═══ RAW DATA

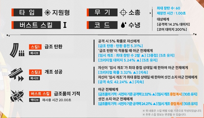 즉 패시브 스킬 '개조 성공'을 발동하기 위해서는 1번 패시브 스킬인 '급조 탄환'의 임시 개조 버프를 최대 중첩 상태로 만드는 것이 포인트라 할 수 있겠다.
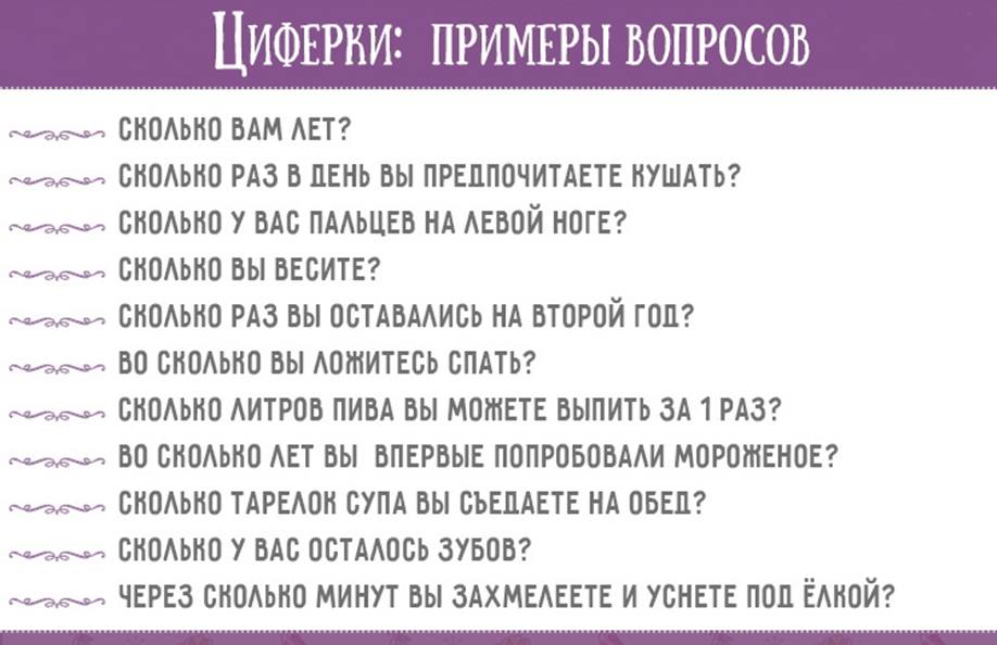 Забавные цифры. Конкурс построен по принципу вопрос/ответ и всегда с воодушевлением принимается гостями. Каждый участник получает от ведущего бумагу и ручку – на листе он должен написать любую цифру, которая ему придет в голову. Если планируется несколько кругов, можно записать сразу несколько цифр или чисел. Ведущий объявляет, что это развлечение поможет получше друг друга узнать. Он задает заранее заготовленный вопрос, а участник должен дать на него ответ, громко произнося свою цифру/число, записанные на листочке. Вопросы подбираются самые простые, чтобы ответы вышли смешными. Вот примерный список:
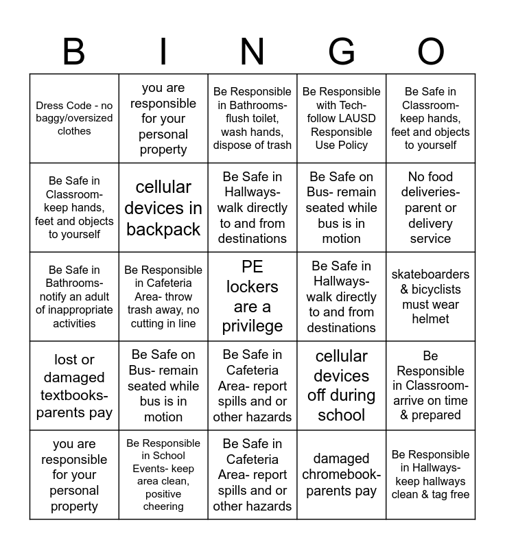 This bingo card has 25 words: Be Safe on Bus- remain seated while bus is in motion, Be Safe in Cafeteria Area- report spills and or other hazards, Be Safe in Hallways- walk directly to and from destinations, you are responsible for your personal property, Be Safe in Classroom- keep hands, feet and objects to yourself, Dress Code - no baggy/oversized clothes, Be Safe in Classroom- keep hands, feet and objects to yourself, you are responsible for your personal property, Be Safe in Hallways- walk directly to and from destinations, Be Safe in Cafeteria Area- report spills and or other hazards, Be Safe on Bus- remain seated while bus is in motion, Be Safe in Bathrooms- notify an adult of inappropriate activities, cellular devices off during school, Be Responsible in Classroom- arrive on time & prepared, cellular devices in backpack, Be Responsible in Hallways- keep hallways clean & tag free, skateboarders & bicyclists must wear helmet, Be Responsible in Bathrooms- flush toilet, wash hands, dispose of trash, No food deliveries- parent or delivery service, Be Responsible in Cafeteria Area- throw trash away, no cutting in line, PE lockers are a privilege, Be Responsible in School Events- keep area clean, positive cheering, lost or damaged textbooks- parents pay, Be Responsible with Tech- follow LAUSD Responsible Use Policy and damaged chromebook- parents pay.
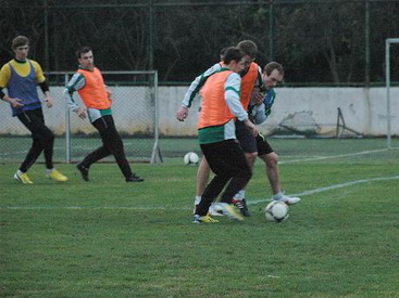 Первый день сборов для футболистов начался с вечерней тренеровки.
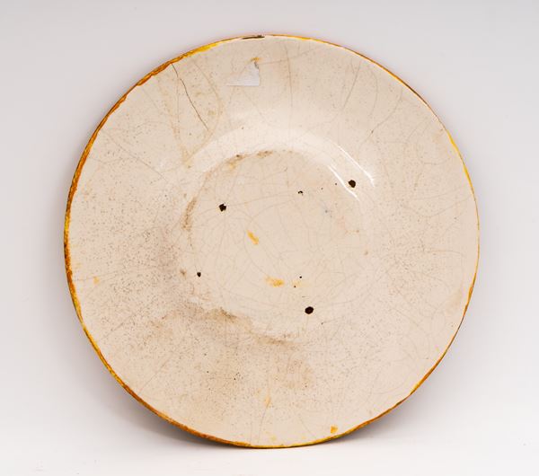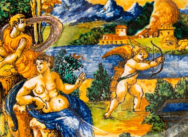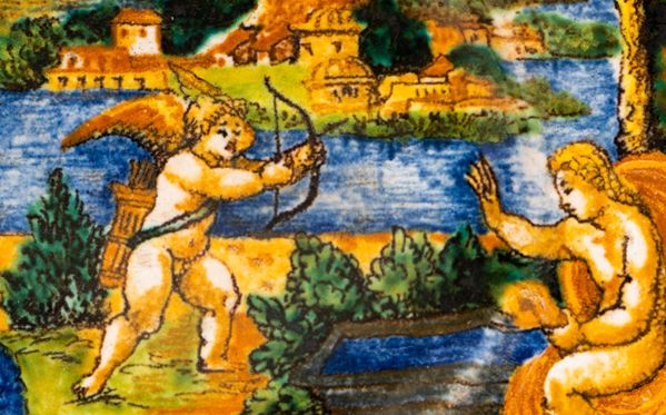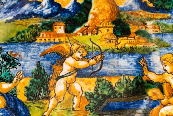 Piattino istoriato con scena allegorica alla maniera delle manifatture metaurensi della metà del XVI secolo, in particolare della bottega di [..]
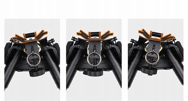 Регульована висота від 6 до 9 дюймів , швидкий розподіл, що допомагає пружинам та поверненню пружини стрільців, легко адаптується довжиною ноги до різних польових умов та сценаріїв зйомки, складених у більшу та використану.
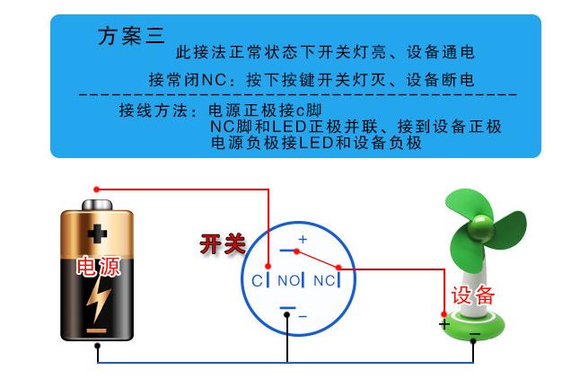 接線步驟:電源正極接C腳和LED正極,NC腳接到設(shè)備正極,電源負(fù)極接LED和設(shè)備負(fù)極。
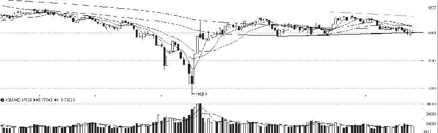 IF加权K线上录得5连阴,呈现持续回调之势。均线方面,MA5、MA10、MA20与MA60仍然向下,但MA120保持向上,成为重要的移动支撑线。指标方面,MACD绿柱扩大,继DIF跌破零轴后DEA紧随其后,表明IF加权短期处于弱势。整体分析,IF加权上有压力下有支撑,现货市场量能维持在低位,短期可能向MA120靠近,以寻支撑。 IC 均线向下
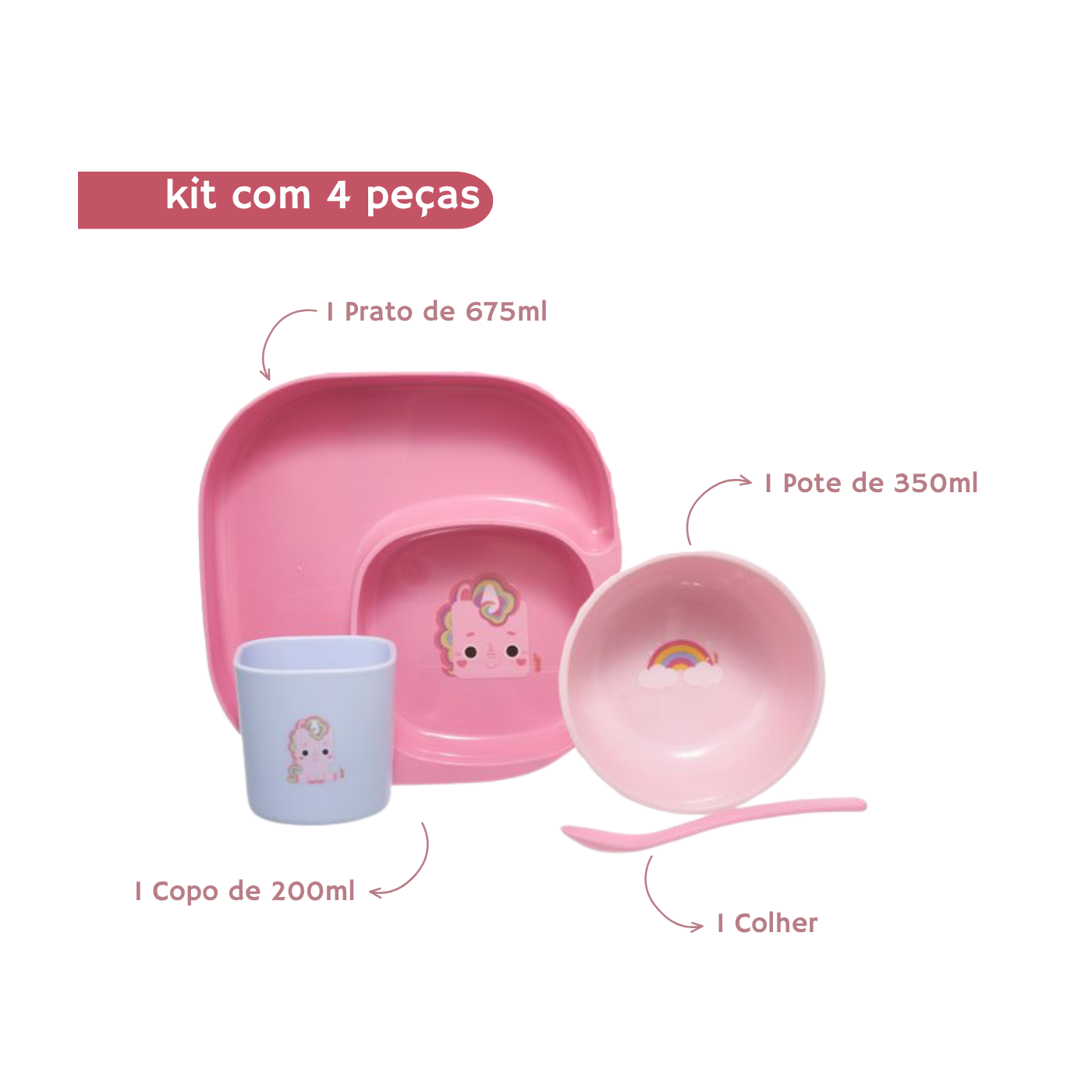 Kit Refeição 4 Peças Unicónio Rosa - Kouii
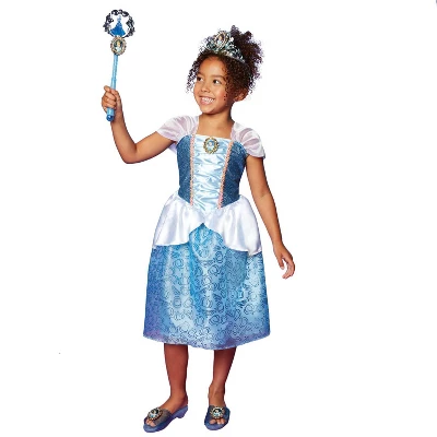 Step into the story of Disney Princess Cinderella with this complete Disney Princess Cinderella Accessory Set! It’s the perfect set to complement your Cinderella dress and have you feeling like a true Disney Princess. The set includes a gorgeous jeweled tiara, a pair of sparkling shoes, and a fun wand, each with a Disney Princess character cameo.
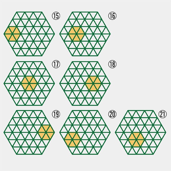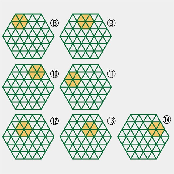 8番目から14番目まで見つかりました。中位の大きさの正六角形と違って、こちらは随分とたくさんありそうです。2度数えたり抜かしてしまったりしないように注意してくださいね。あといくつあるのでしょう。
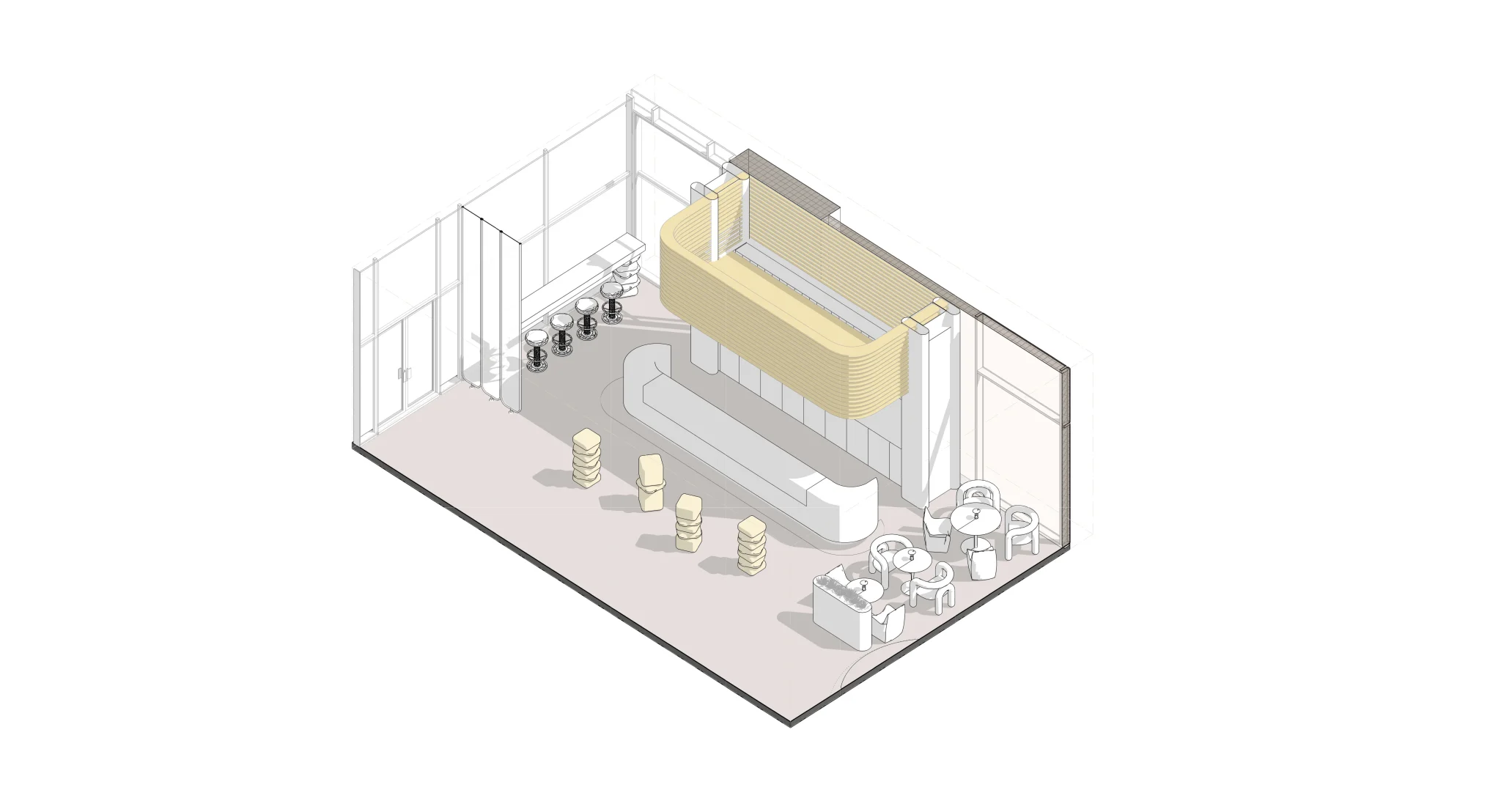 Situé dans un pays arabe, le concept s'inspire du paysage environnant. La base intérieure arbore des teintes douces et sableuses qui se fondent naturellement avec l'extérieur. Lorsque l'éclairage est éteint, l'espace est calme et chaleureux ; lorsqu'il est allumé, il se transforme en un environnement vivant et coloré qui s'anime la nuit, changeant d'atmosphère tout comme le désert au coucher du soleil.

══════

The final stretch of the data, from the line with "8番目から14番目まで見つか" through its last line, is to be retyped exactly; pictures are not part of the copy.

■ **SOLUTION**
 8番目から14番目まで見つかりました。中位の大きさの正六角形と違って、こちらは随分とたくさんありそうです。2度数えたり抜かしてしまったりしないように注意してくださいね。あといくつあるのでしょう。
 Situé dans un pays arabe, le concept s'inspire du paysage environnant. La base intérieure arbore des teintes douces et sableuses qui se fondent naturellement avec l'extérieur. Lorsque l'éclairage est éteint, l'espace est calme et chaleureux ; lorsqu'il est allumé, il se transforme en un environnement vivant et coloré qui s'anime la nuit, changeant d'atmosphère tout comme le désert au coucher du soleil.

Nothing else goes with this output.